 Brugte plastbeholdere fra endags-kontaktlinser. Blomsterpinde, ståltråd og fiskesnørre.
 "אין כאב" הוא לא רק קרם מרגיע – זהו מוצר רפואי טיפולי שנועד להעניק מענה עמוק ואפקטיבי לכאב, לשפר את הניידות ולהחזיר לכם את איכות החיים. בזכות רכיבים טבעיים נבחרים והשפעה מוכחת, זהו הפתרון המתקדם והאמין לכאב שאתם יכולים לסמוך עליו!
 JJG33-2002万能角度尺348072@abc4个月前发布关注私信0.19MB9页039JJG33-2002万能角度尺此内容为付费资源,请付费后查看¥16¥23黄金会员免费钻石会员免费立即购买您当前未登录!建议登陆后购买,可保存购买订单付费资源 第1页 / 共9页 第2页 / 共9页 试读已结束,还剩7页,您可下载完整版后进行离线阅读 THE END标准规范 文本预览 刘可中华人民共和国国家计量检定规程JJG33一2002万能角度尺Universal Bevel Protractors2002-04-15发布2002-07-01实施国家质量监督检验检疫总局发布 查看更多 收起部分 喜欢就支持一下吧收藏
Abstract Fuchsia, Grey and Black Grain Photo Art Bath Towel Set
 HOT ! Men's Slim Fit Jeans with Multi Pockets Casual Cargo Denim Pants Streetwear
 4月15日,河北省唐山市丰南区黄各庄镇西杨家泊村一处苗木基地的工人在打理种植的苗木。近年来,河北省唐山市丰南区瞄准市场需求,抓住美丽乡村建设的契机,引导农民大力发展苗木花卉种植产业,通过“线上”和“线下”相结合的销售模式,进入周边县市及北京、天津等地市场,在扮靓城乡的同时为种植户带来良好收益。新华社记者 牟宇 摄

■ What the task asks
Your answer should consist only of the lines from the one with "查看更多 收起部分 喜欢就支持一下吧收藏" through the end of the data above, reproduced exactly.

■ Written answer
 JJG33-2002万能角度尺348072@abc4个月前发布关注私信0.19MB9页039JJG33-2002万能角度尺此内容为付费资源,请付费后查看¥16¥23黄金会员免费钻石会员免费立即购买您当前未登录!建议登陆后购买,可保存购买订单付费资源 第1页 / 共9页 第2页 / 共9页 试读已结束,还剩7页,您可下载完整版后进行离线阅读 THE END标准规范 文本预览 刘可中华人民共和国国家计量检定规程JJG33一2002万能角度尺Universal Bevel Protractors2002-04-15发布2002-07-01实施国家质量监督检验检疫总局发布 查看更多 收起部分 喜欢就支持一下吧收藏
Abstract Fuchsia, Grey and Black Grain Photo Art Bath Towel Set
 HOT ! Men's Slim Fit Jeans with Multi Pockets Casual Cargo Denim Pants Streetwear
 4月15日,河北省唐山市丰南区黄各庄镇西杨家泊村一处苗木基地的工人在打理种植的苗木。近年来,河北省唐山市丰南区瞄准市场需求,抓住美丽乡村建设的契机,引导农民大力发展苗木花卉种植产业,通过“线上”和“线下”相结合的销售模式,进入周边县市及北京、天津等地市场,在扮靓城乡的同时为种植户带来良好收益。新华社记者 牟宇 摄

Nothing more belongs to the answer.